Peki orada ne yaptırdınız?
- Siyah koyun embriyonundan elde edilen enjeksiyonlar yaptılar. Embriyonun salgı bezlerinden, karaciğerinden, kemiklerinden alınan maddeler özel maddelerdi. 11 kez enjeksiyon yaptılar ve bence çok harikaydı.
Bu uygulama kaç defa yaptırılmalı?
- İstediğiniz kadar... Ben sadece bir kere gittim. Sonradan duyduğuma göre bir doktor da Alzheimer hastalarına büyüme hormonu enjekte ediyormuş. Diğer kürden farklıydı ama yine de yaptırdım. Çok şükür kötü deneyimlerim olmadı hayatta. Tabii bir de yüzümde estetik operasyonlar var. Hem kendinizi iyi hissettiriyorlar hem de genç gösteriyorlar. Gerekirse yine yaptırırım. Bir de kozmetikler var tabi. Cildime uyacak kozmetikleri bulmam zaman aldı, ancak deneme yanılma yoluyla bulabildim. Ayrıca büyüme hormonu enjeksiyonunu da kesmedim.
Hormonların gündüz bir dozu mu var, nasıl alıyorsunuz?
- Ben çok çalışıyorum ve sürekli stres altındayım. Bu yüzden mümkün olduğunca sık almaya çalışıyorum. Zaten etkisi de çabuk geçmiyor. Üstümde çok etkili olduklarını düşünüyorum.
Kendi kendinize mi enjekte ediyorsunuz?
- Evet bazen de doktora gidiyorum. Çok sık seyahat ettiğim için kendi kendime yapmayı öğrendim. İnsanların yanlış bir kanıya kapılmalarını istemem. Bu aynı bir diyabet hastasının kendine insülin enjekte etmesi gibi. Çok küçük dozlarda alıyorsunuz, öyle büyük bir operasyon değil.
Bu hormonlar, vücudun yaşlanma dolayısıyla artık üretmediği birtakım kimyasalları dengeliyor, değil mi?
- Evet aynen öyle. Bunun için bir de vitamin alıyorum. Ayrıca başka hormon ilaçlarım da var. Benim şansım vücudumun bu tür tedavilere ve ilaçlara cevap veriyor olması. Bir de ben vücudumu dinlerim, neye ihtiyacı olduğunu anlamaya çalışırım. Bence birçok insan aceleden bunu yapmıyor.
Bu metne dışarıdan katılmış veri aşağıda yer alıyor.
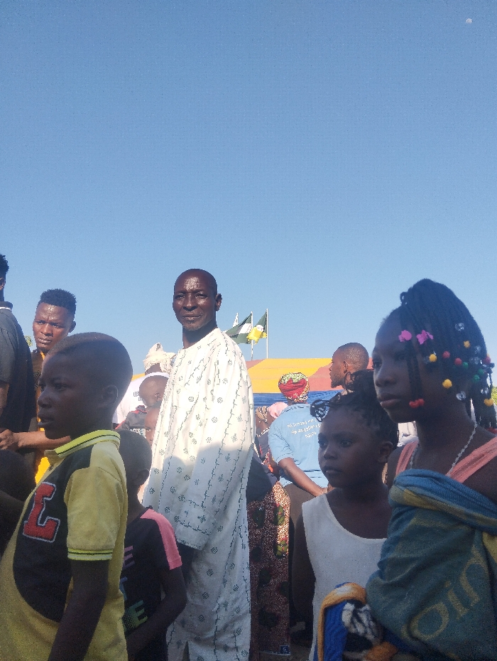 This image captures an outdoor scene in the city of Idon, Nigeria, under a clear blue sky. In the foreground, an adult male of African descent, bald and wearing a long, white traditional garment with dark patterns, stands facing the camera with a neutral expression. To his immediate left, a young boy in a yellow and black t-shirt with a red "L" graphic stands in profile, looking left. To the man's right, a young girl with braided hair adorned with colorful beads (pink, yellow, blue) wears a light-colored top and holds a blue and yellow patterned fabric, looking slightly left. A younger girl with braided hair and a white sleeveless top stands between the man and the first girl, also looking left. In the background, a crowd of people, some partially obscured, is visible. Elements such as green, white, and yellow flags and colorful tent-like structures can be discerned in the mid-ground. The individuals are standing, appearing to observe their surroundings within a group setting.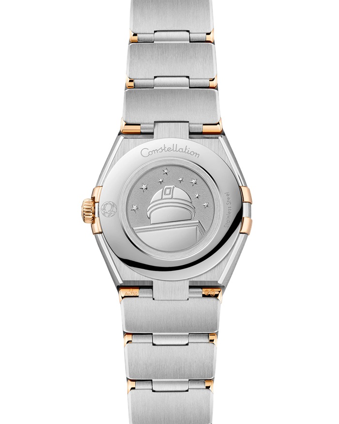 L’orologio presenta una cassa da 25 mm corredata da un bracciale “Mono Rang” in acciaio inossidabile e oro giallo 18K e integra molte delle caratteristiche distintive della linea Constellation, come le griffe lucide, le sfaccettature a mezzaluna e la lunetta tempestata di diamanti.

Şu sıralar 50-60 yaşları arasındaki güzel kadınlar trendi var. People dergisi Sophia Loren’i 65 yaşındayken dünyanın en güzel kadını seçti. Bir de 30’unu aşmayan kadınların Holywood’da iyi roller kapamadığı söyleniyor.
- Yaşlanmak hayatın sonuyla yüz yüze gelmek demek. Bu yüzden de ürkütücü. Aslında artık insan ömrü uzadı, hayat standartları da yükseldi bu iyi bir şey tabii ki. Ama bir zamanlar yaşlılık, bilgelik ve prestij sembolüyken bugün bence asıl önemli olan gençlik ve enerji.
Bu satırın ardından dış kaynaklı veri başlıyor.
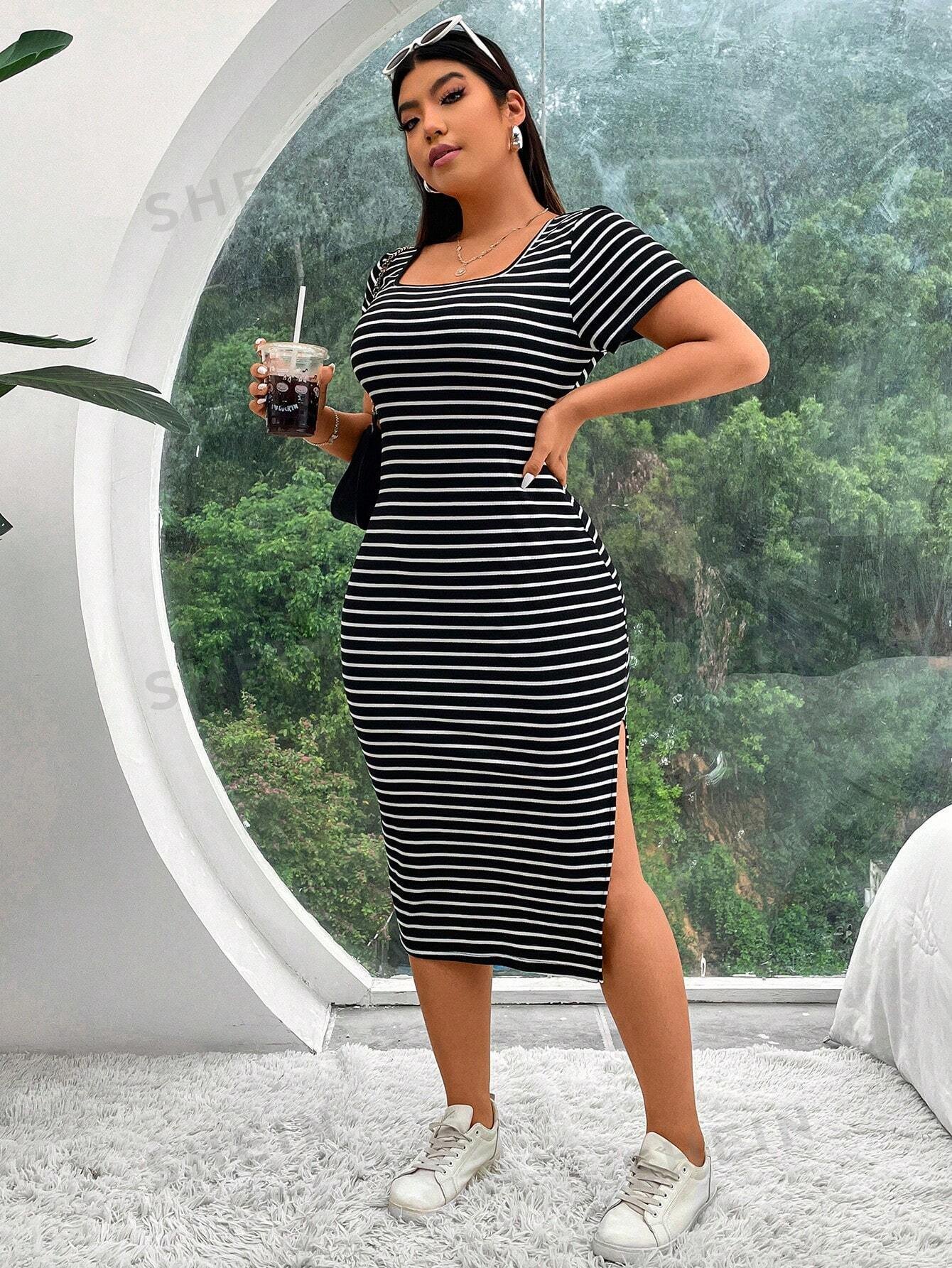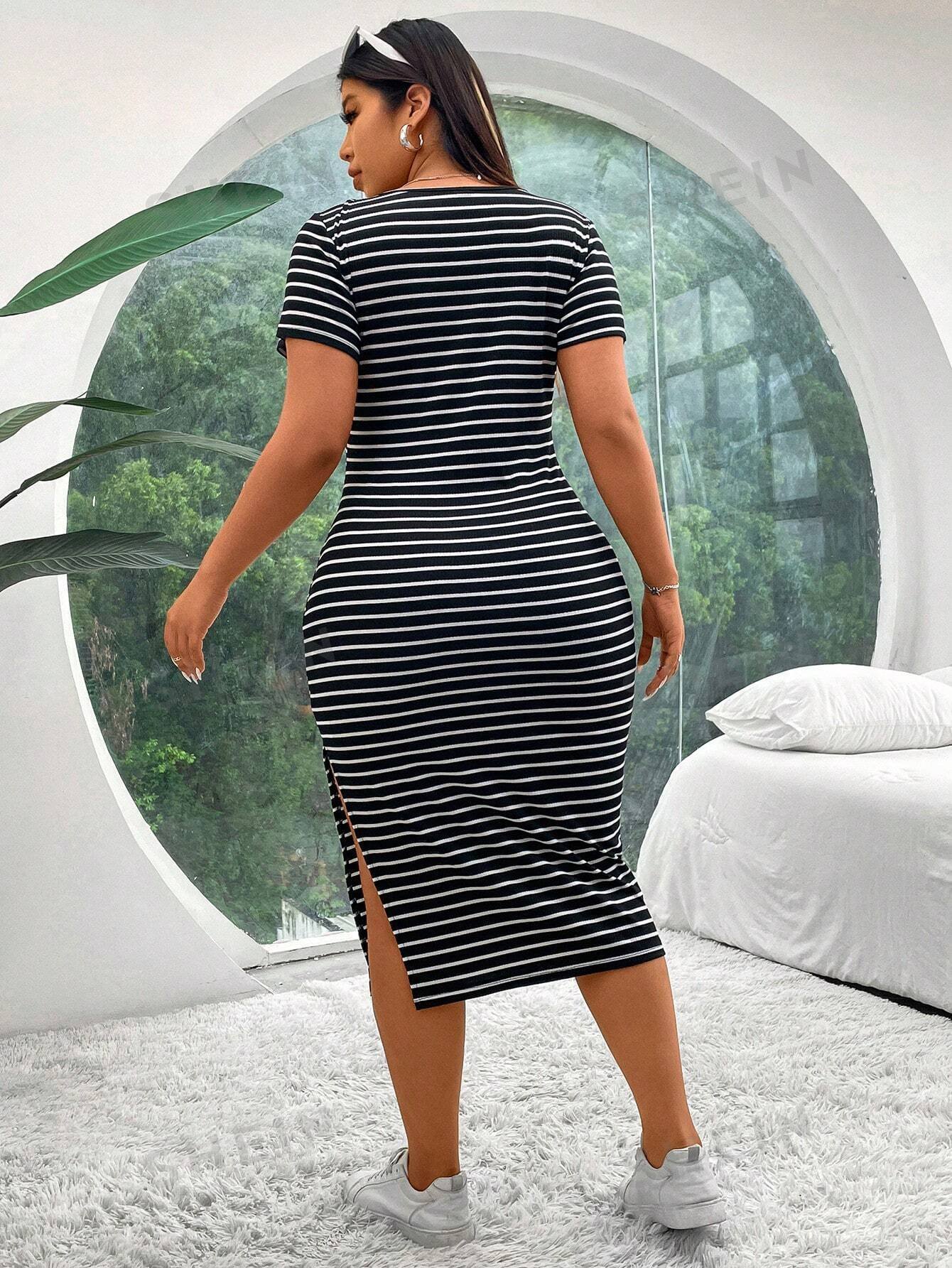 Vestido de talla grande con rayas y estampado casual y dobladillo dividido

Hayranlarımla beraber büyüdüm
- Peki, bir şarkıcı olarak yaşınız ilerlediği için bazı fırsatları kaçırdığınızı düşünüyor musunuz?
Bazı yönlerden evet... Ama ben şanslı olduğumu düşünüyorum. Çünkü dinleyicilerim ve ben beraber büyüdük. Blondie çıktığında çok fazla bu işi yapan yoktu çünkü. Yine de bir genelleme yapamam, yani birinin yaşlandığını izlemek, bir de güzel biriyse, hem dramatik hem ürkütücü. Ayrıca dediğiniz gibi Sophia Loren, Jeanne Moreau o kadar güzeller ki, nefesim kesiliyor.
- Ama Sophia Loren de yeni roller almıyor?
Her şeyin cevabı bende değil. Mesela Lauren Bacall gibi film sektöründe büyük bir kariyeri olan biri sizi konuyla ilgili daha çok aydınlatabilir. Hollywood’da herkes genç. Orada kalıp çalışmaya devam edenler de var elbet, gerçekten büyük starlar. Gelenek böyle, benim yapabileceğim bir şey yok.